Manx language speaker and teacher

Leslie Quirk (30 September 1914 – 20 October 2004), also known as Y Kione Jiarg (/gv/; lit. 'the red head'), was a Manx language activist and teacher who was involved with the language's revival on the Isle of Man in the 20th century. His work recording the last native speakers of the language with the Irish Folklore Commission and the Manx Museum helped to ensure that a spoken record of the Manx language survived.

== Early life ==
Quirk was born in Peel but raised by his grandparents due to his mother's infirmity after a bout of double pneumonia. He learned his first words of Manx from his step-grandmother, a native speaker, who taught him to recite the Lord's Prayer as a young boy at bedtime. She also instilled in him a pride in Manx, which historically was a low-prestige language on the island:"Don't let anyone tell you it's a rubbishy language," she said, "because it isn't. I know it's a good language". And technically, linguistically, she was right.As a young adult, Quirk took lessons in the Harbour Master's Office in Peel with Caesar Cashin, a native speaker and fisherman, and president of Yn Çheshaght Ghailckagh. Several other high-level Manx speakers such as Charles Craine and John Gell also learned there.

== Manx language ==
Quirk was one of the several active Manx speakers who learned the language from the diminishing number of elderly native speakers in the first half of the 20th century. Travelling around the Manx countryside with other enthusiasts such as Bill Radcliffe and Walter Clarke, Quirk improved on the Manx he learned from Caesar Cashen by visiting the elderly Manx speakers and learning directly from them. These learners were part of a small tight-knit group of high level speakers who would go on to be vital members of Yn Çheshaght Ghailckagh, and also of the language revival movement. The group would be a crucial link between the last generation of native speakers, and those who learned Manx after the death of Ned Maddrell in 1974.

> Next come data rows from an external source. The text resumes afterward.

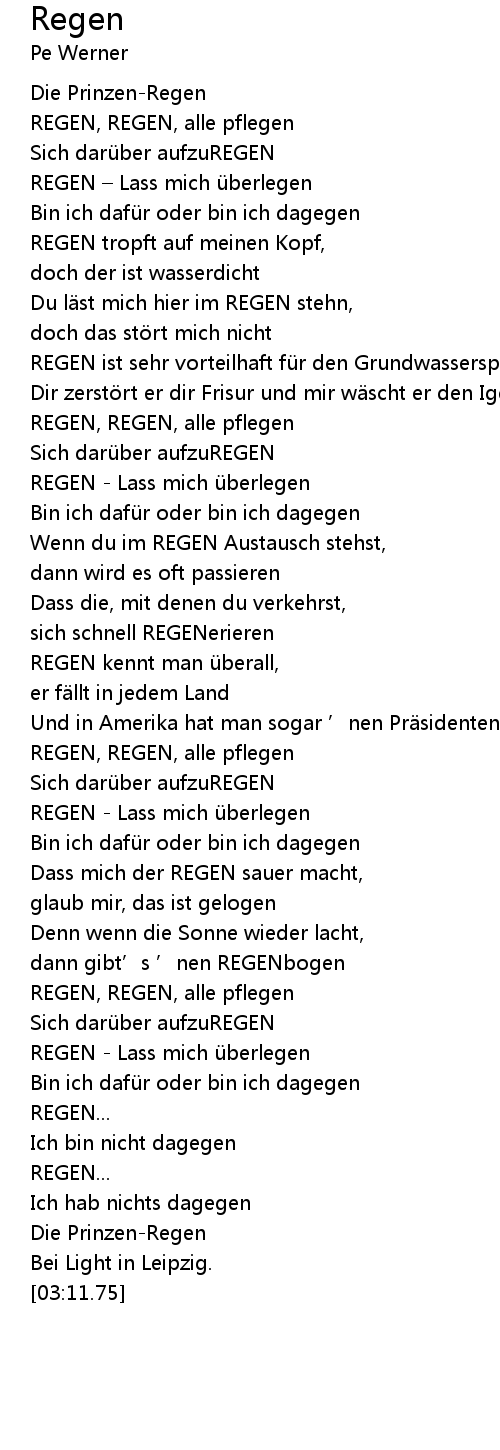 | [00:55.91] | REGEN, REGEN, alle pflegen |
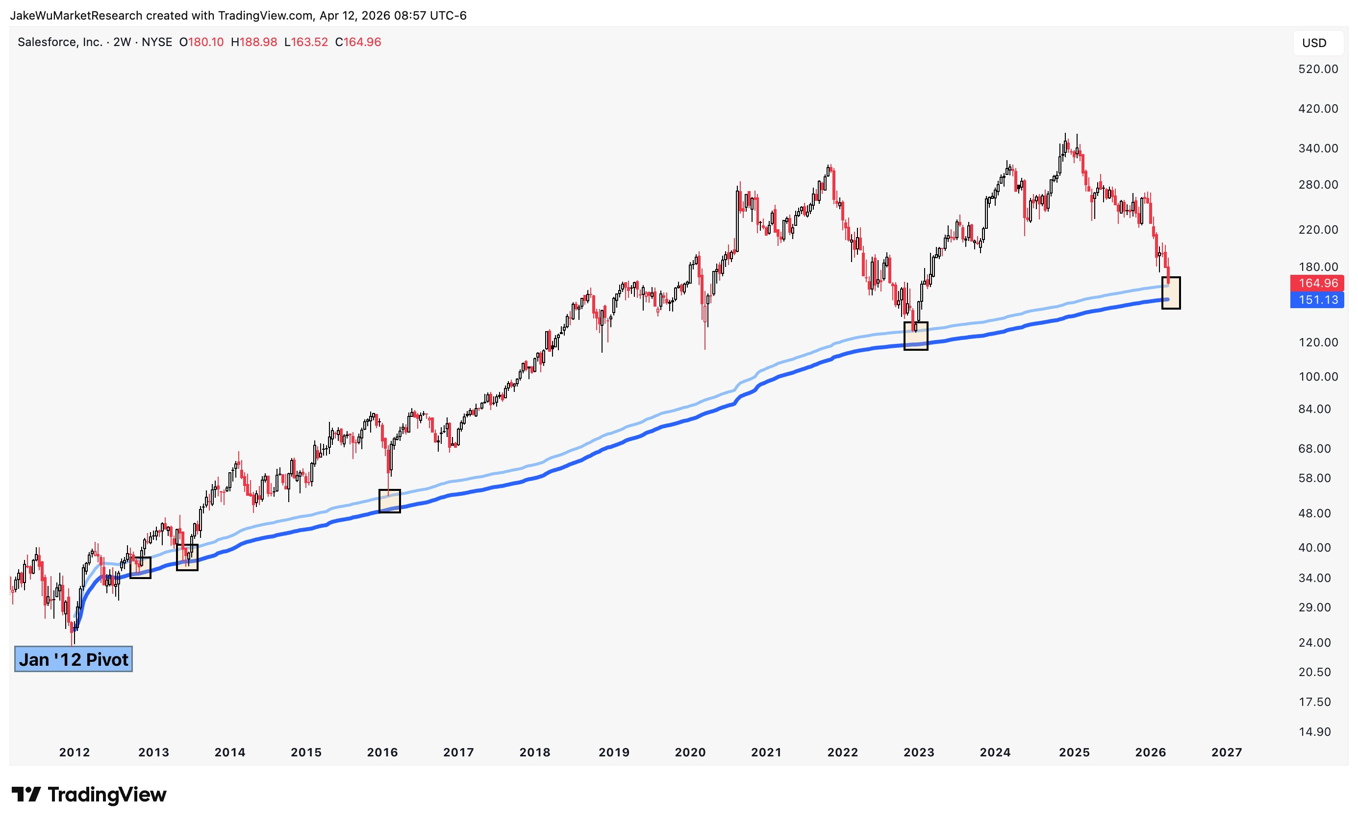 $Salesforce.com(CRM)$ The January 2012 anchored VWAP zone has been a bounce spot over the last 10+ years.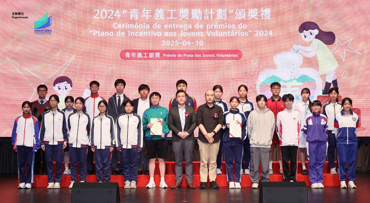 A fim de elogiar e reconhecer o contributo e o compromisso assumidos pelos jovens voluntários de Macau para com a sociedade ao longo do ano passado, a Direcção dos Serviços de Educação e de Desenvolvimento da Juventude (DSEDJ) organizou a cerimónia de entrega de prémios do “Plano de Incentivo aos Jovens Voluntários” de 2024, que teve lugar no dia 10 de Abril. Na cerimónia estiveram presentes mais de 450 pessoas, incluindo os Subdirectores da DSEDJ, Teng Sio Hong e Wong Ka Ki, vogais do Conselho de Juventude, representantes de serviços públicos e instituições públicas participantes nos planos da DSEDJ para jovens voluntários, representantes de associações sociais, representantes de escolas e um grupo de jovens voluntários.
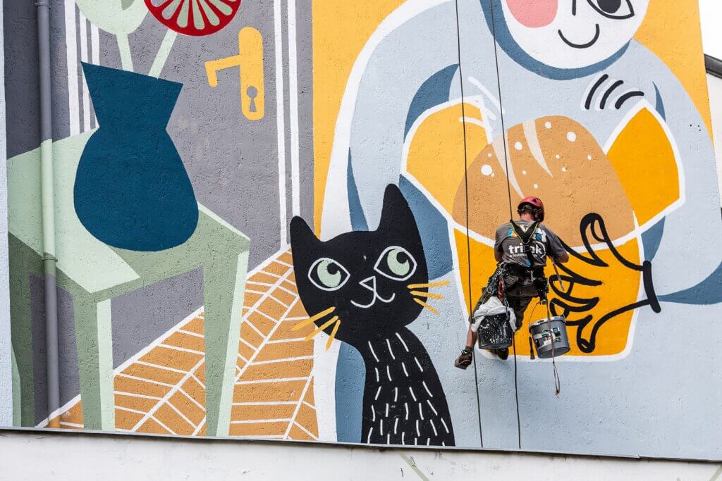 Új színes falfestmény díszíti a belvárosi Károly körúton álló Tűzoltóság homlokzatát. A kovász is lehet híd című alkotás Hitka Viktória képzőművész rajza alapján készült.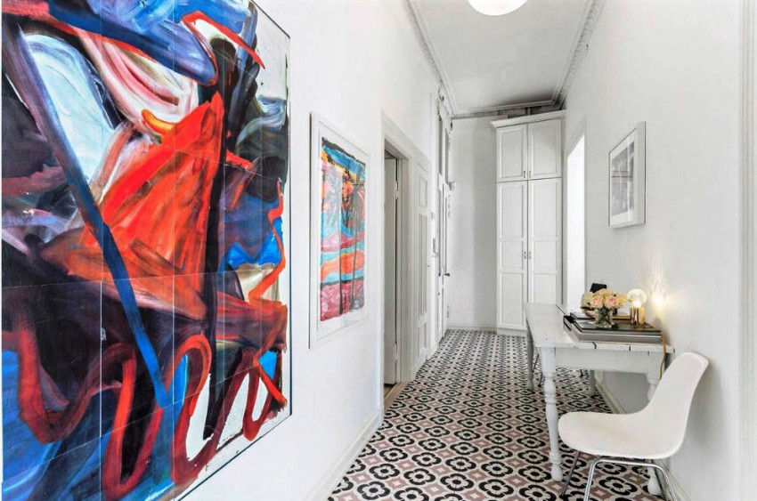 În lungimea îngustă a holului, este mai bine să folosiți culori deschise cu un anumit punct luminos de accent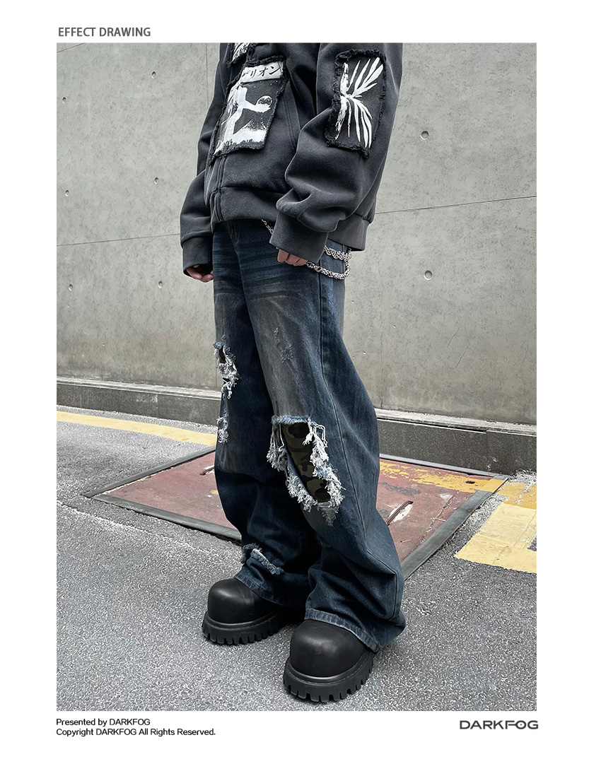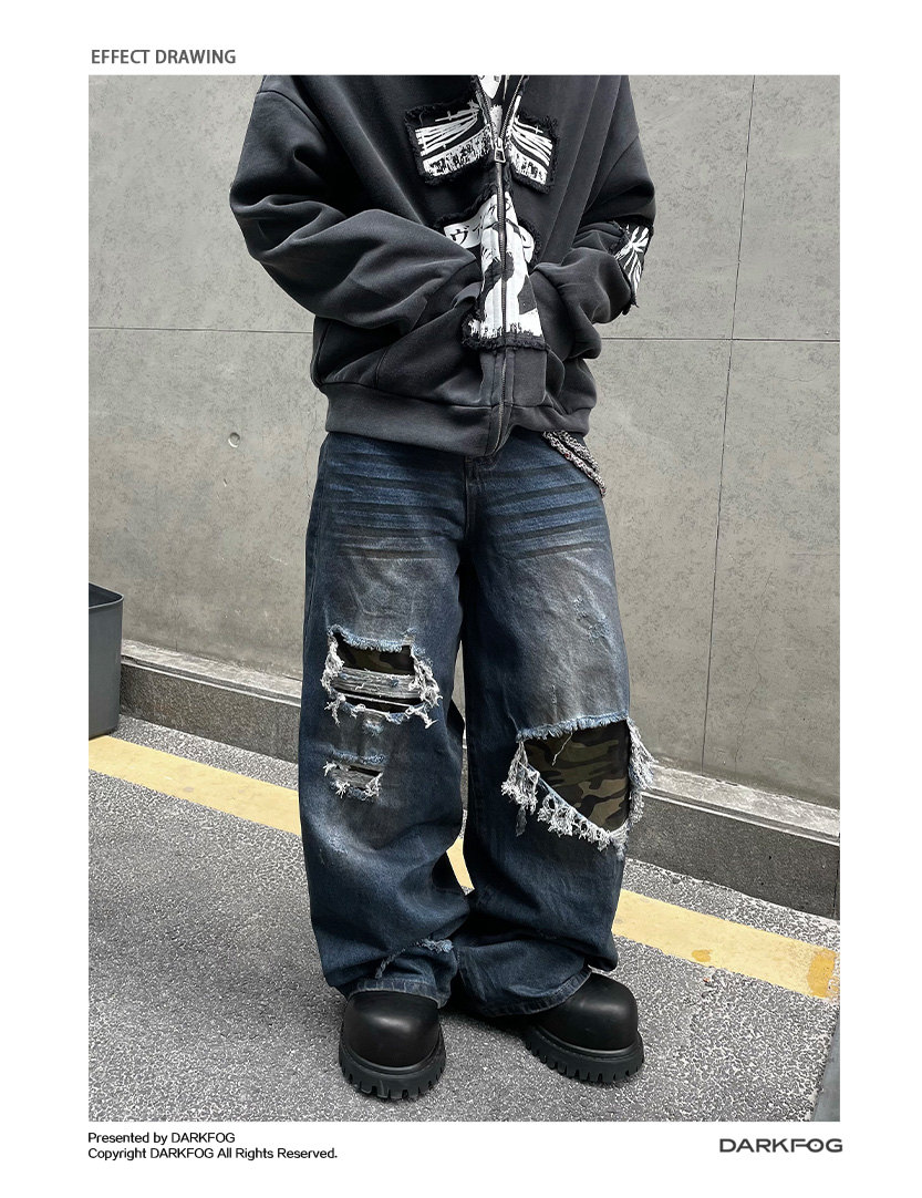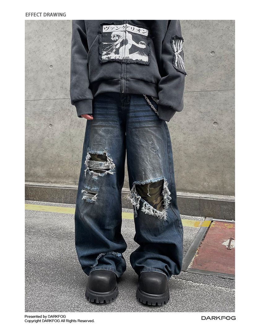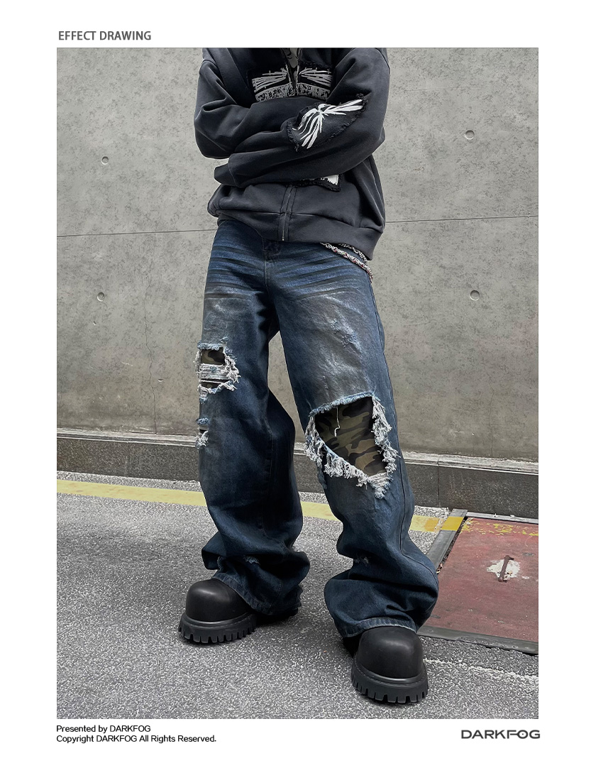Patchwork Camouflage Straight Denim Jeans WN12858

Quirk was involved with the recordings of the last native speakers under Kevin Danaher of the Irish Folklore Commission in 1948. As Quirk was familiar with the elderly native speakers and met them many times, he can be heard on several of the recordings speaking to them.

The members of Yn Çheshaght Ghailckagh later began making their own recordings in the early 1950s, despite financial and technical constraints.

== Folk-Life Survey ==
The work of the Irish Folklore Commission in the summer of 1948 spurred on the Manx Museum to establish something similar on the Isle of Man. This eventually coalesced into the Manx Folk-Life Survey, a large scale ethnographic record that aimed to document all aspects of Manx life from the previous century. It contained a range of media including hundreds of interviews, photographs, questionnaires, publicity campaigns, an extensive store of material objects, and over 30 hours of audio recordings.

After training in Ireland, Quirk was employed by the Manx Museum as the Survey's first full-time collector and headed up a team of over 30 volunteer field-workers collecting information and materials from informants. The audio recordings were of particular use for the Manx language community, as they built on the work of the Irish Folklore Commission.

== Legacy ==
Quirk's tireless work teaching Manx inspired a new generation of younger Manx speakers, particularly after the death of the last native speaker Ned Maddrell; "he was the nearest we had to an old native speaker of Manx." While still at school, Brian Stowell started attending lessons taught by Quirk, who then introduced him to the other members of Yn Çheshaght Ghailckagh such as Doug Fargher. Brian Stowell would go on to be one of the most important figures in the modern Manx revival movement.But meeting Leslie Quirk was crucial for me – he was a fluent speaker of Manx who'd learned his Manx from native speakers. In fact, he was very nearly a native speaker as well as being a kindly, saintly man.In recognition of his lifetime of work in preserving the culture and language of the Isle of Man, Quirk received the Reih Bleeaney Vanannan award in 1997.